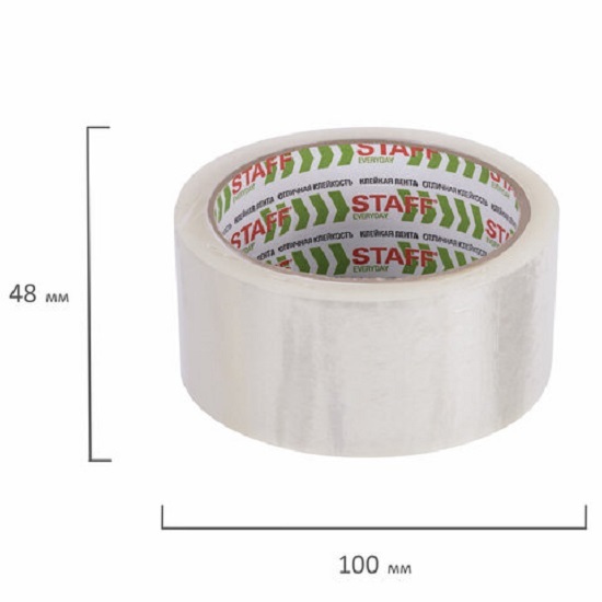 Толщина скотча 40 мкм позволяет переносить воздействие низких температур и влажности и выдерживать вес коробки 15-17 кг. Клейкой ленты шириной 48 мм и длиной намотки 66 м хватит на продолжительное время. Цвет - прозрачный.
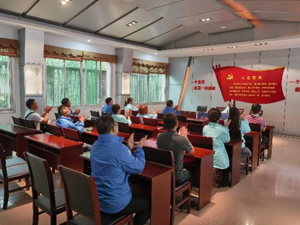 随后支部书记张晋红主持召开了党员大会,全体党员在鲜红的党旗下重温了入党誓词,集中进行了关于习近平新时代中国特色社会
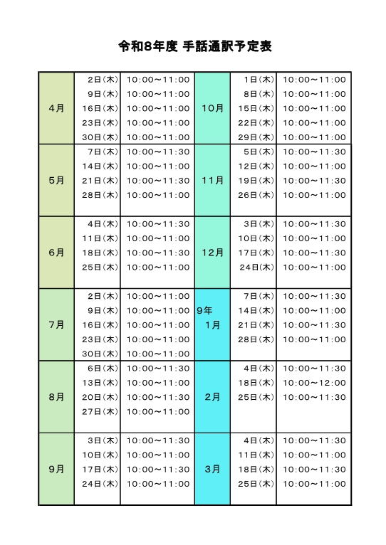 【ハローワーク高松】令和7~8年度 手話通訳予定表
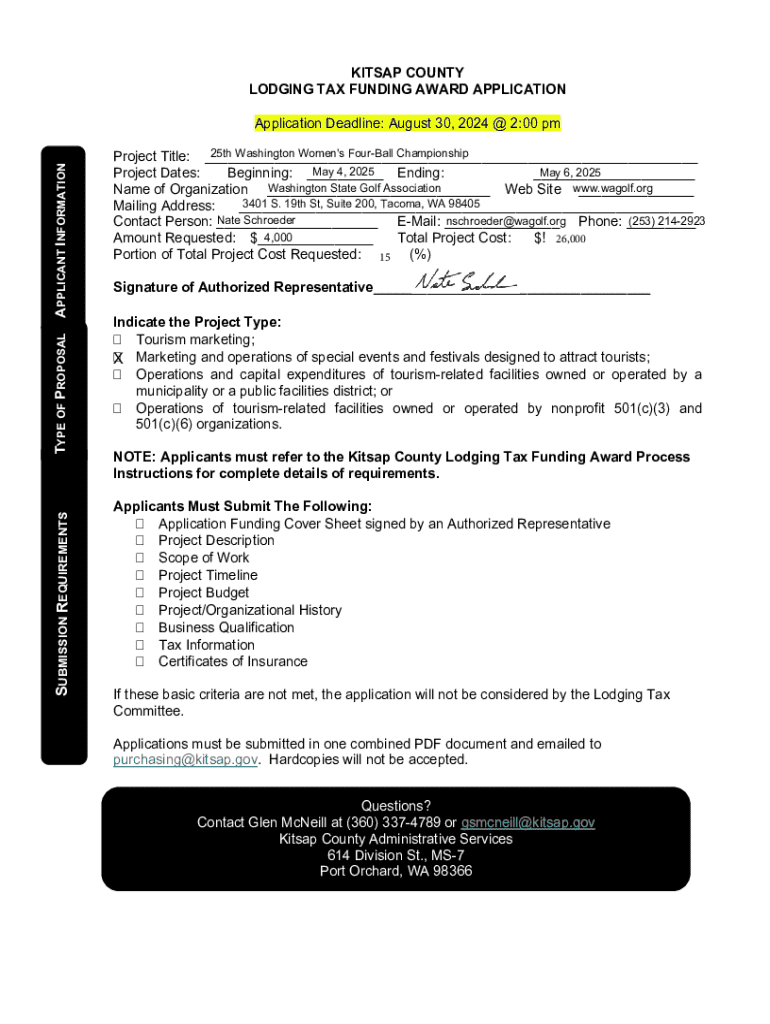 This document is an application form for organizations to request funding from the Kitsap County Lodging Tax Fund. It outlines submission requirements, project details, applicant information, and the process involved in applying for financial support aimed at promoting tourism and related activities in Kitsap County.
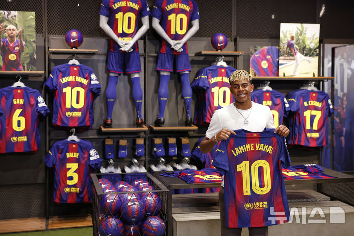[바르셀로나=AP/뉴시스] FC 바르셀로나의 라민 야말이 16일(현지 시간) 스페인 바르셀로나에서 구단과 재계약을 체결한 후 본인의 이름이 적힌, 등 번호 10번의 새 유니폼을 들고 포즈를 취하고 있다. 야말은 2031년까지 재계약을 체결하고 구단의 상징적 등 번호인 '10번'의 새 주인이 됐다. 2025.07.17.
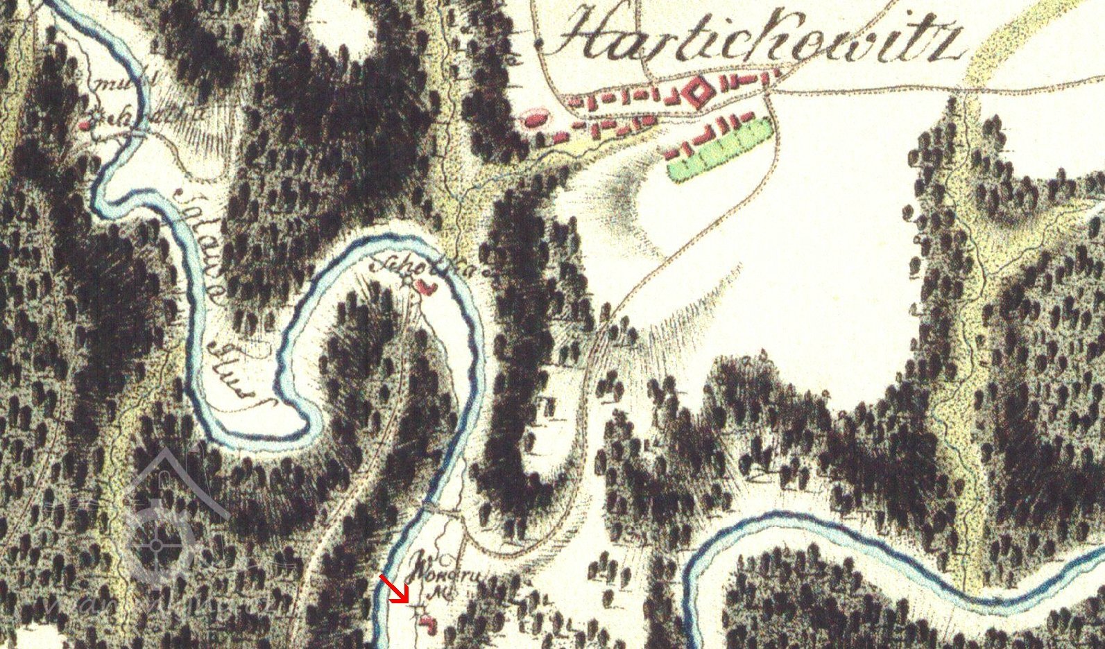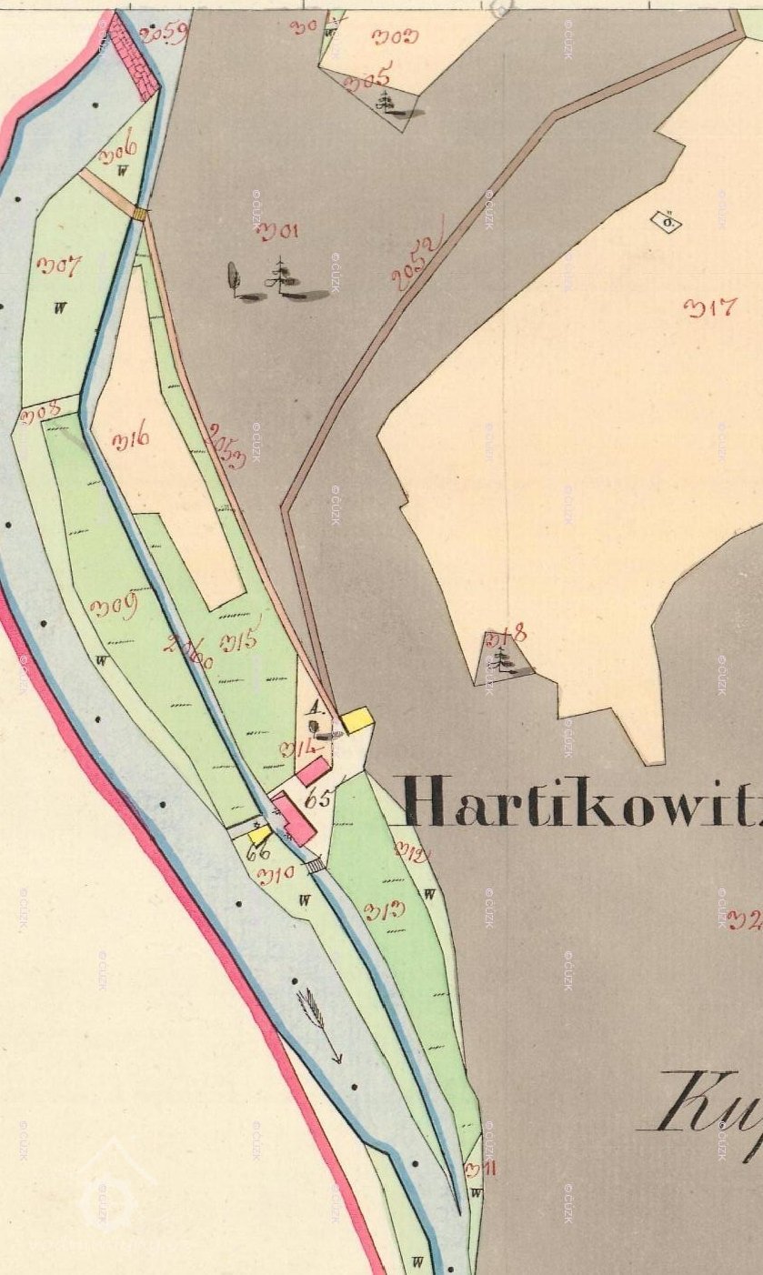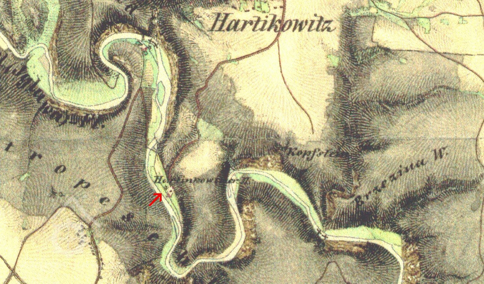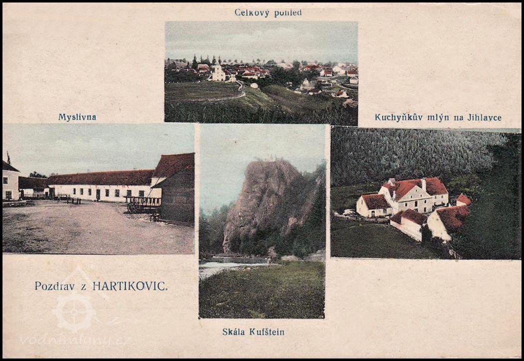 Hartvíkovický mlýn (Loupalův, Fialův, Kuchynkův). Hartvíkovický mlýn byl postaven nákladem vrchnosti pro mlynáře Jana a Jiřího Loupala v roce 1744. Roku 1789 byla přistavěna pila. Od roku 1809 působil na mlýně mlynář Jiří Loupal mladší, který u mlýna postavil dva kříže. První kříž z roku 1838, který stál před mlýnem, byl při napouštění přehrady přemístěn na louku k tzv. Hartvíkovické pláži
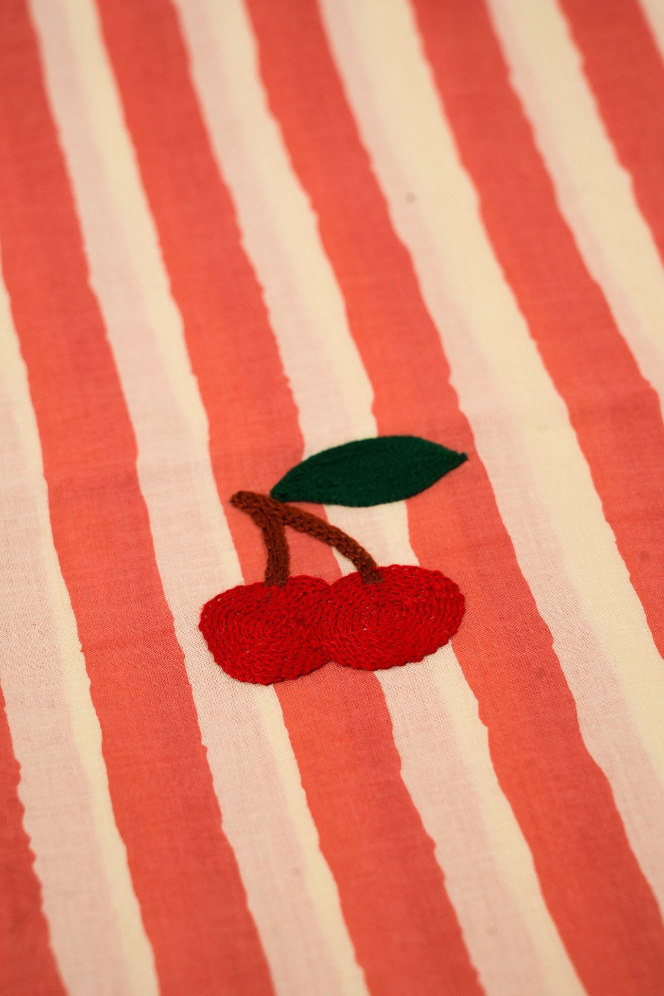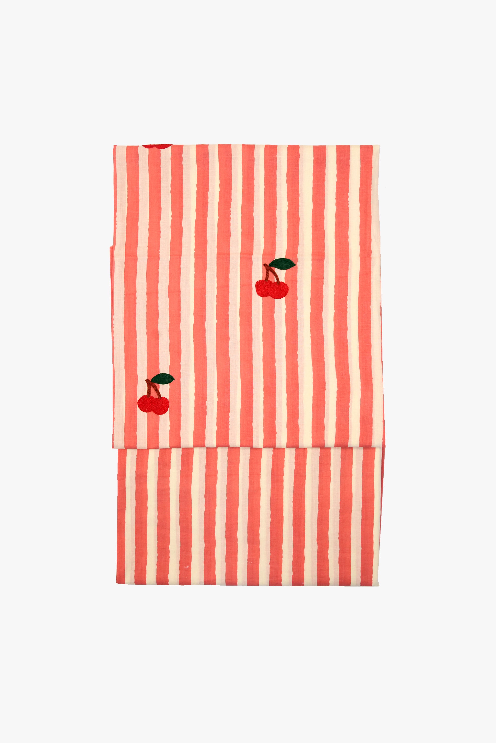 Gul Cherry blends soft peach and white striped cotton with delicate cherry embroidery. This embroidered cotton suit set is breezy yet elegant, making it the perfect pick for summer wear and casual celebrations.
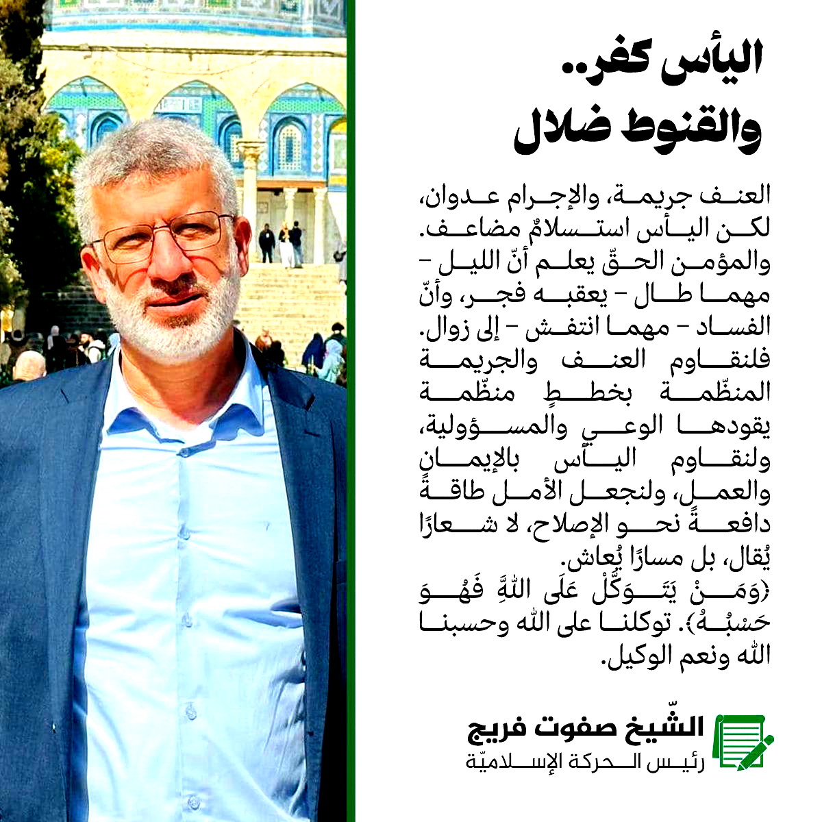 إن تحريم اليأس لا يعني إنكار الواقع، ولا التغافل عن الألم، بل رفض الاستسلام له. فالإيمان لا يدعو إلى التفاؤل السطحي، بل إلى أملٍ يُترجم عملًا: مبادراتٍ تربوية، وتكاتفًا اجتماعيًا، وخطابًا أخلاقيًا واضحًا، ومطالبةً جادّة بتطبيق القانون بعدلٍ وحزم.

*Your goal*:
Output exactly the lines from the one containing "[바르셀로나=AP/뉴시스] FC 바르셀로나의" through the last line of the records above, both included, and leave out the pictures.

*Exercise output*:
[바르셀로나=AP/뉴시스] FC 바르셀로나의 라민 야말이 16일(현지 시간) 스페인 바르셀로나에서 구단과 재계약을 체결한 후 본인의 이름이 적힌, 등 번호 10번의 새 유니폼을 들고 포즈를 취하고 있다. 야말은 2031년까지 재계약을 체결하고 구단의 상징적 등 번호인 '10번'의 새 주인이 됐다. 2025.07.17.
 Hartvíkovický mlýn (Loupalův, Fialův, Kuchynkův). Hartvíkovický mlýn byl postaven nákladem vrchnosti pro mlynáře Jana a Jiřího Loupala v roce 1744. Roku 1789 byla přistavěna pila. Od roku 1809 působil na mlýně mlynář Jiří Loupal mladší, který u mlýna postavil dva kříže. První kříž z roku 1838, který stál před mlýnem, byl při napouštění přehrady přemístěn na louku k tzv. Hartvíkovické pláži
 Gul Cherry blends soft peach and white striped cotton with delicate cherry embroidery. This embroidered cotton suit set is breezy yet elegant, making it the perfect pick for summer wear and casual celebrations.
 إن تحريم اليأس لا يعني إنكار الواقع، ولا التغافل عن الألم، بل رفض الاستسلام له. فالإيمان لا يدعو إلى التفاؤل السطحي، بل إلى أملٍ يُترجم عملًا: مبادراتٍ تربوية، وتكاتفًا اجتماعيًا، وخطابًا أخلاقيًا واضحًا، ومطالبةً جادّة بتطبيق القانون بعدلٍ وحزم.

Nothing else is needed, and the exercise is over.